Юки словно невзначай постукивала по мостовой зонтиком – тот был для нее чем-то вроде фетиша, и она никогда не расставалась с ним после захода солнца, хотя в этом городе вечно моросило, и потому старый добрый английский дождевик был бы куда практичнее. Этим стуком Юки привлекла внимание Кэйт к нарисованным кроваво-красной краской следам. Шарманщик в костюме гориллы был первой «живой афишей», повстречавшейся ей на пути к Театру Ужасов. Следы – расположенные так, чтобы создавалось впечатление, будто тут шел раненый, – привели Кэйт к актеру, жонглировавшему черепами размером с яблоко.
На зазывале была маска из папье-маше. Кэйт уже не раз видела это лицо за последние пару дней – на плакатах, в журналах, на масках детей в парке и нищих, выпрашивавших су на улице.
Гиньоль.
Похоже, Париж полнился слухами об этом скачущем шуте.
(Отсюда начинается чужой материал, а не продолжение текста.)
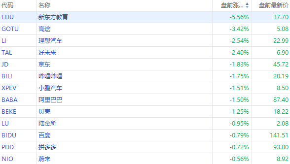 热门中概股美股盘前走低,新东方教育跌超5%,高途跌超3%,理想汽车、好未来跌超2%,京东、哔哩哔哩、小鹏汽车、阿里巴巴跌超1%。尚乘数科逆势涨超20%。
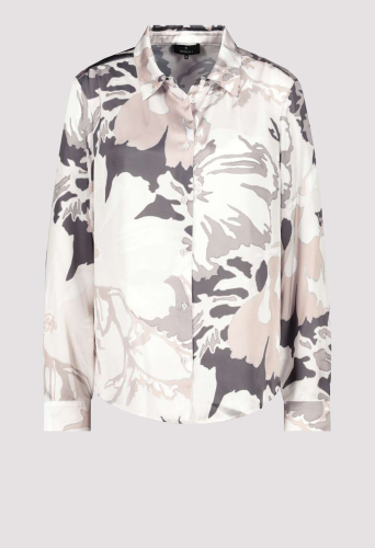 Атласная блузка с цветочным принтом впечатляет такими классическими деталями, как манжета на подоле рукава. Длина 44-го размера по спинке составляет 67 см, длина по переду - 69 см.
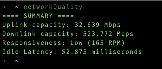 맥 터미널에서 명령어 하나로 간단하게 인터넷 속도를 측정할 수 있다.

Люди говорили о его толстом брюхе, верблюжьем горбе, мерзком красном носе, чересчур широкой улыбке, ужасных зубах, нарумяненных щеках, белых перчатках, из которых торчали длинные острые когти, красно-белом полосатом трико, расшитом черепами, змеями и летучими мышами колете, всклокоченных седых волосах, башмаках с загнутыми носками, его остроумии, жестоких шутках, громких песнях…
Насколько Кэйт понимала, Гиньоль был аналогом английского Панча. Оба основывались на персонаже неаполитанской commedia dell’ arte[40], хитром плуте по имени Пульчинелло, только его имя изменилось при переводе на другие языки. Но этого Гиньоля нельзя было спутать со столь похожими на него прототипами и тезками. Образ приобрел новое значение… По сути, он был новым произведением искусства, созданным на злобу дня: последний писк моды.